- [REQUIRED WORK]:
Could you give back exactly the lines below from the one with "Je Abteil 1" through the one with "Lịch sử đối", without a single picture?

- [Data extracted from a collection]:
▽

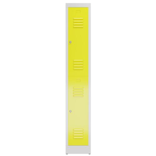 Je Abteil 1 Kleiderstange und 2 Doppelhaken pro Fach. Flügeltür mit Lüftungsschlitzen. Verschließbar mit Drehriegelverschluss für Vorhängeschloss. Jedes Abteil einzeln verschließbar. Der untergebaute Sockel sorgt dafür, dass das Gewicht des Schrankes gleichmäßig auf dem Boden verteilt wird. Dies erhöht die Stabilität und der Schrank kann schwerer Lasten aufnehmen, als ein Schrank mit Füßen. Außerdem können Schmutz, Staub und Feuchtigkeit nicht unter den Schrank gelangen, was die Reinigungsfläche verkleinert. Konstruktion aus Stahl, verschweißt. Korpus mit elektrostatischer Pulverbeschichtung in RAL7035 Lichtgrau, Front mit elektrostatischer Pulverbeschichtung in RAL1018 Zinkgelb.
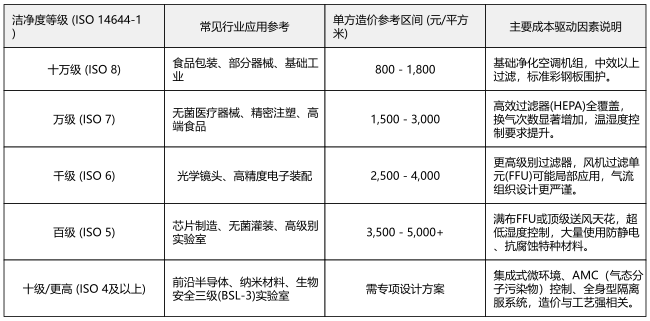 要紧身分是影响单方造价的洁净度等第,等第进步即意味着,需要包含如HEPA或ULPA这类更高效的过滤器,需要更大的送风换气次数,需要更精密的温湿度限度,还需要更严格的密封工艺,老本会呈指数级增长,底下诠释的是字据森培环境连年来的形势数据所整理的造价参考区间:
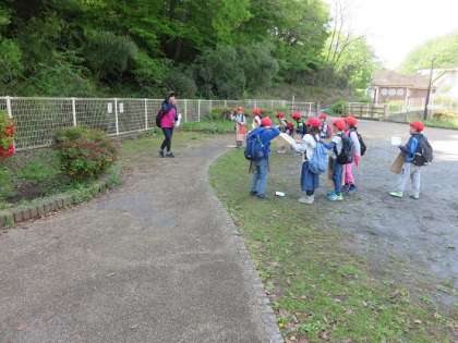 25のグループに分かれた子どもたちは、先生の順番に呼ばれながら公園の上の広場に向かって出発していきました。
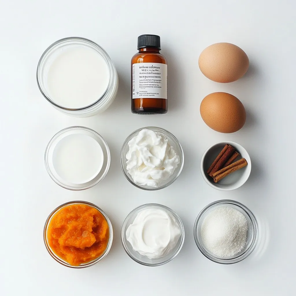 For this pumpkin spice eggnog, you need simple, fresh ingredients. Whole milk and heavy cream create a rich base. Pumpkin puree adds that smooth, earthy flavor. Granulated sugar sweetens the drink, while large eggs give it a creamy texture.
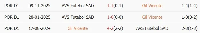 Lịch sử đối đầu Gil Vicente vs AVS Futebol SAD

△
▽

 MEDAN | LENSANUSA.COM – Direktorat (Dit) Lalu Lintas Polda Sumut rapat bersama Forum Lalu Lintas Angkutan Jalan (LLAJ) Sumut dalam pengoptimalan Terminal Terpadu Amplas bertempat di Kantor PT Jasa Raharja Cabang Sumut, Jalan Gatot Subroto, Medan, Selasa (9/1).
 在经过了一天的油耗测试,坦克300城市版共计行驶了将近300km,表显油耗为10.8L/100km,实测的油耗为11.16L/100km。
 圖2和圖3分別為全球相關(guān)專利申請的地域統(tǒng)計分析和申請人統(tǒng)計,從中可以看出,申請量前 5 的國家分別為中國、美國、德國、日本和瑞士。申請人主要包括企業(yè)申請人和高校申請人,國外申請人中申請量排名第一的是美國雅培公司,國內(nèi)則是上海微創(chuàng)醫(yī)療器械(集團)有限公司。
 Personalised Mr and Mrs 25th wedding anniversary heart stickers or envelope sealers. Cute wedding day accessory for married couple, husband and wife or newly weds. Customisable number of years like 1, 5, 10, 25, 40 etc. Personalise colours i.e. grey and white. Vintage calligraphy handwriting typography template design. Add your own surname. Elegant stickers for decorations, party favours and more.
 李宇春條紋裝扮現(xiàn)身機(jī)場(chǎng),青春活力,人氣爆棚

△

- [OUTPUT]:
 Je Abteil 1 Kleiderstange und 2 Doppelhaken pro Fach. Flügeltür mit Lüftungsschlitzen. Verschließbar mit Drehriegelverschluss für Vorhängeschloss. Jedes Abteil einzeln verschließbar. Der untergebaute Sockel sorgt dafür, dass das Gewicht des Schrankes gleichmäßig auf dem Boden verteilt wird. Dies erhöht die Stabilität und der Schrank kann schwerer Lasten aufnehmen, als ein Schrank mit Füßen. Außerdem können Schmutz, Staub und Feuchtigkeit nicht unter den Schrank gelangen, was die Reinigungsfläche verkleinert. Konstruktion aus Stahl, verschweißt. Korpus mit elektrostatischer Pulverbeschichtung in RAL7035 Lichtgrau, Front mit elektrostatischer Pulverbeschichtung in RAL1018 Zinkgelb.
 要紧身分是影响单方造价的洁净度等第,等第进步即意味着,需要包含如HEPA或ULPA这类更高效的过滤器,需要更大的送风换气次数,需要更精密的温湿度限度,还需要更严格的密封工艺,老本会呈指数级增长,底下诠释的是字据森培环境连年来的形势数据所整理的造价参考区间:
 25のグループに分かれた子どもたちは、先生の順番に呼ばれながら公園の上の広場に向かって出発していきました。
 For this pumpkin spice eggnog, you need simple, fresh ingredients. Whole milk and heavy cream create a rich base. Pumpkin puree adds that smooth, earthy flavor. Granulated sugar sweetens the drink, while large eggs give it a creamy texture.
 Lịch sử đối đầu Gil Vicente vs AVS Futebol SAD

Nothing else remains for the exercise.